Should TV And Advertising Be Businesses Without Rules?

Television can be transforming -- but not for every programmer. Cable TV was always pegged to this "transformation" level, always set to be much more than just "television."

You know the HBO marketing line "It's not TV; It's HBO." That seems like a bold statement. But it should pertain to all cable TV -- at least for the money consumers pay. It doesn't.

There are exceptions: AMC was a small, nondescript movie channel, now transformed to a channel of award-winning and critically acclaimed shows, thanks in part to Charlie Collier, president of AMC Networks.

Speaking at the 4A's Transformation LA event, Collier said, "I'm not a transformation guru." Still, later on, he said of his network: "The business and the brand are transforming together."

Perhaps it's no surprise that AMC modeled itself after the you-know-what-pay-movie channel. "We used to look at HBO," said Collier. "We used to think, 'Wouldn't it be great to leverage a ‘Sopranos’ or ‘Sex in the City'?" But AMC didn't have anything like that. It had older films, like 1960s’ movie "Cool Hand Luke."  Not exactly top-of-mind programming.



What now drives AMC's programming strategy? Collier said the network looks at stuff that is "unexpected and uncompromising."  So "The Walking Dead" is nothing like "Mad Men," which is nothing like "The Killing."

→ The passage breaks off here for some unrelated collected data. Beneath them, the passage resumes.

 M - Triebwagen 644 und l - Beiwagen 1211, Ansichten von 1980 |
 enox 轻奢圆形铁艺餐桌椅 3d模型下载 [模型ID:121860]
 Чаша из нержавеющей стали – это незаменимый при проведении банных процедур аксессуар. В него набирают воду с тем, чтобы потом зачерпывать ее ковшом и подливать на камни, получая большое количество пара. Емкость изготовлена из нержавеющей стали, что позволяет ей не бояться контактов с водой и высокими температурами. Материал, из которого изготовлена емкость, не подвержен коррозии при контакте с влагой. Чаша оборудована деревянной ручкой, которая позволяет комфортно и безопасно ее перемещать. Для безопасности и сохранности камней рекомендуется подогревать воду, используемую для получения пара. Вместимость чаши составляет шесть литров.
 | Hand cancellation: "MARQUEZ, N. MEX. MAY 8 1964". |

"We don't want one show to look like another," he said. But he said that other cable networks, like HGTV, do just that. Collier wasn't dismissive of HGTV. Yet from a broader point of view, from cable's somewhat original revolutionary promise, is AMC truly different? Not yet.

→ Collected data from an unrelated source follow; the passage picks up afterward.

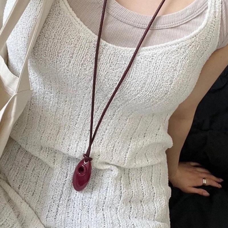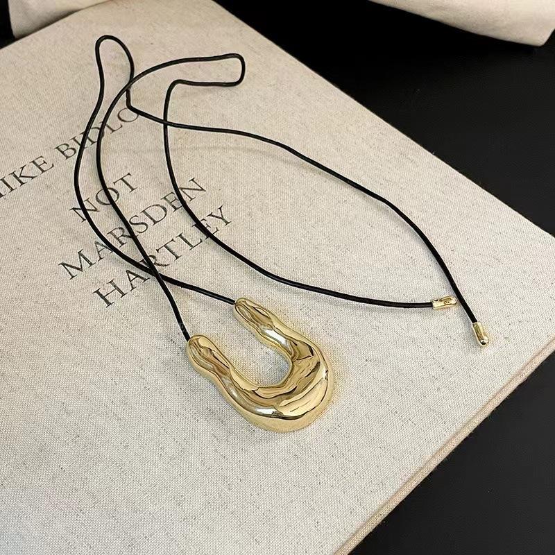 Bloguera surcoreana con collar con colgante de amor geométrico irregular y cadena de suéter ajustable de nicho de moda.
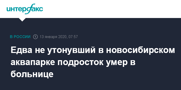 Москва. 13 января. INTERFAX.RU - Подросток, захлебнувшийся в новосибирском аквапарке "Аквамир" 8 января, скончался в больнице в ночь на понедельник, сообщили агентству "Интерфакс" в пресс-службе Минздрава региона.
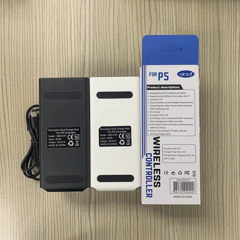 · Cargador de muelle diseñado para el controlador inalámbrico PS5 · Se pueden cargar dos controladores al mismo tiempo. El cable de conexión también se puede cargar mientras está en uso · Entrada 5V2A · Salida 5V2 * 1A · Al cargar un controlador, se puede cargar completamente en dos horas · Carga dos controladores al mismo tiempo y se carga completamente en cuatro horas. · El indicador LED único de dos colores muestra el estado de carga, la luz roja se muestra durante la carga, la luz azul se muestra cuando está llena
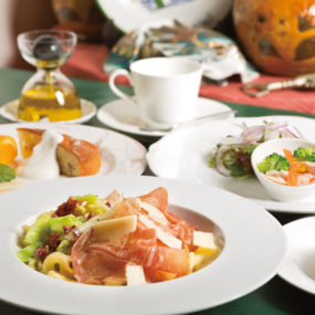 通常のパスタランチに+500円でデザートとコーヒーをプラスしたお得なセット。パスタはロングパスタとショートパスタの2種類から選べるので、お好みに合わせてチョイス。

Now AMC is starting its first big reality TV show -- about, what else, the real world of advertising, a look at what "Mad Men" might be like now.

"The Pitch" is about advertising agencies pitching against each other for business. One key message in a show trailer came from an advertising executive, seemingly echoing what viewers might want:  "This is a business without rules."

Yes. Bring on more advertising, TV shows (broadcast and cable) and digital content, without rules. Does that sound dangerous? Exactly.